这天傍晚,苏晚去城郊的旧货市集闲逛。这里摆满了各式老物件,人声嘈杂,烟火气十足。陆星辞依旧不远不近地跟着,看着她驻足在一个个摊位前,偶尔拿起小摆件细细端详。
走到一处售卖老影音设备的摊位时,苏晚停下了脚步。摊位上摆着几台老式游戏机,还有堆叠在一起的游戏光碟,样式老旧,却瞬间扯出了陆星辞深埋的记忆。
他猛地想起那个大雨滂沱的夜晚,积水里碎裂的限量款游戏碟,想起她冻得僵硬的手,想起自己当初冷漠的那句“我现在不玩这个了”。
心口像是被一只手狠狠攥住,疼得他呼吸一滞。
苏晚只是随意扫了两眼,便转身离开,脸上没有半分波澜。于她而言,那些为了迎合他熬夜练游戏、四处奔波淘碟的过往,早已是翻篇的旧事,再也掀不起涟漪。
可陆星辞却停在了摊位前,目光死死盯着那些光碟,双腿如同灌了铅。
摊主见他驻足,热情搭话:“小伙子,喜欢玩游戏?这些都是老款碟片,现在很少见咯。”
陆星辞扯了扯嘴角,笑比哭还难看。
他哪里是喜欢游戏。
是曾经有一个人,把他随口的一句话,当成天大的事,拼尽全力去完成。而他,亲手把那份心意摔得支离破碎。
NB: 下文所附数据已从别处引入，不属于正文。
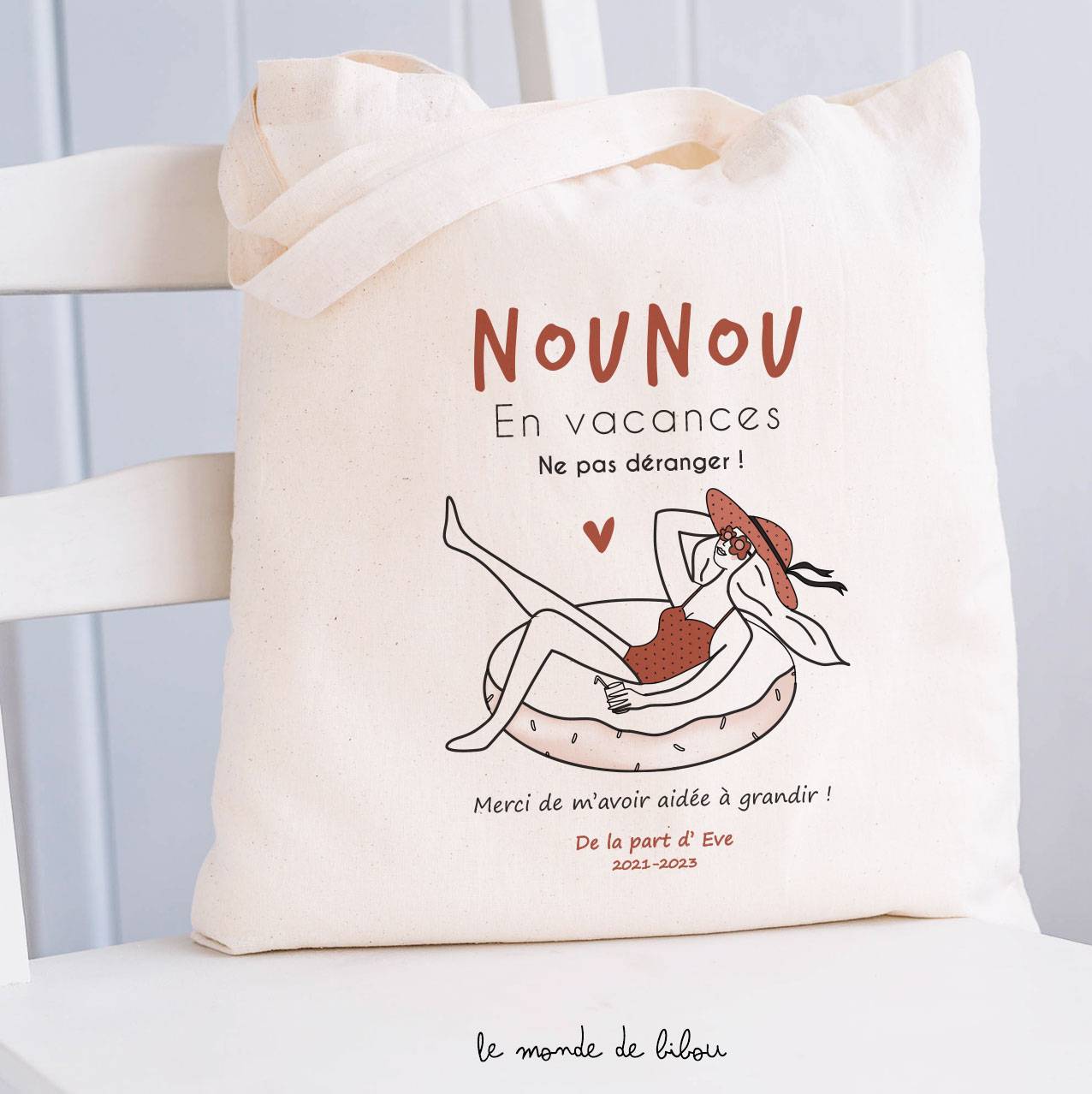 Vous souhaitez offrir un petit cadeau aussi joli qu’utile à la nounou de votre enfant ? Nous vous proposons ce joli Sac Nounou en vacances. On adore ce tote bag nounou en vacances multi-usage, il servira aussi bien pour faire les courses, aller à la salle de gym, que pour amener ses petites affaires au travail… On l’adore ce joli cadeau nounou personnalisé pour l’assistante maternelle de votre enfant ! Idéal à l’occasion d’un anniversaire ou comme cadeau de fin d’année scolaire…

他鬼使神差地买下了摊位上所有同系列的光碟,沉甸甸的一摞抱在怀里,塑料外壳硌着手臂,却远不及心底的刺痛。
抱着这堆光碟,他继续跟在苏晚身后。天色渐渐暗下,市集的灯火次第亮起,暖黄的光映在苏晚身上,温柔又遥远。
走到分岔路口,苏晚像是察觉到身后的动静,终于停下脚步,转过身看向他。
视线落在他怀里的光碟上,她眉峰微蹙,语气里终于染上一丝不耐:“你到底要跟着我到什么时候?”
“我……”陆星辞抱着光碟,手足无措,像个做错事的孩子,“我想起了那天的碟片,我想赔给你。”
“不必了。”苏晚淡淡回绝,“东西碎了就是碎了,补再多,也回不到当初。何况,我早就不玩这些了。”
又是一句轻描淡写的拒绝。
她丢掉的不只是游戏,更是那段满心满眼都是他的时光。
陆星辞喉结滚动,声音哽咽:“我知道弥补没用,可我想做点什么。晚晚,你骂我、怪我都好,别一直这样无视我。”
“骂你怪你,又能如何?”苏晚平视着他,目光澄澈,“浪费我的时间和情绪而已。陆星辞,你该明白,真正的放下,是连恨意都懒得再有。”
说完,她不再停留,转身走进巷弄,很快消失在夜色里。
陆星辞抱着满满一摞光碟,孤零零地站在路口。晚风卷着凉意吹来,吹得光碟边角哗哗作响。
他低头看着怀里的东西,忽然抬手,将整摞光碟狠狠摔在地上。
噼里啪啦的碎裂声在寂静的巷口响起,和那个雨夜的声响重叠在一起。
当初是他摔碎她的心意,如今他亲手摔碎自己徒劳的弥补。
一地狼藉,一如他如今狼狈不堪的心境。
过往的每一个细节、每一次伤害,此刻都化作利刃,反反复复切割着他的神经。他终于体会到,当年她看着心爱之物碎裂时,该是何等的心寒。
夜色深沉,他蹲在满地碎片旁,肩膀微微颤抖。
旁人眼里风光不再的前顶流,此刻脆弱得不堪一击。
可这一切,都是他咎由自取。
他守在这座小城,守着一个永远不会回头的人,在回忆与现实的夹缝里,日复一日地受着煎熬。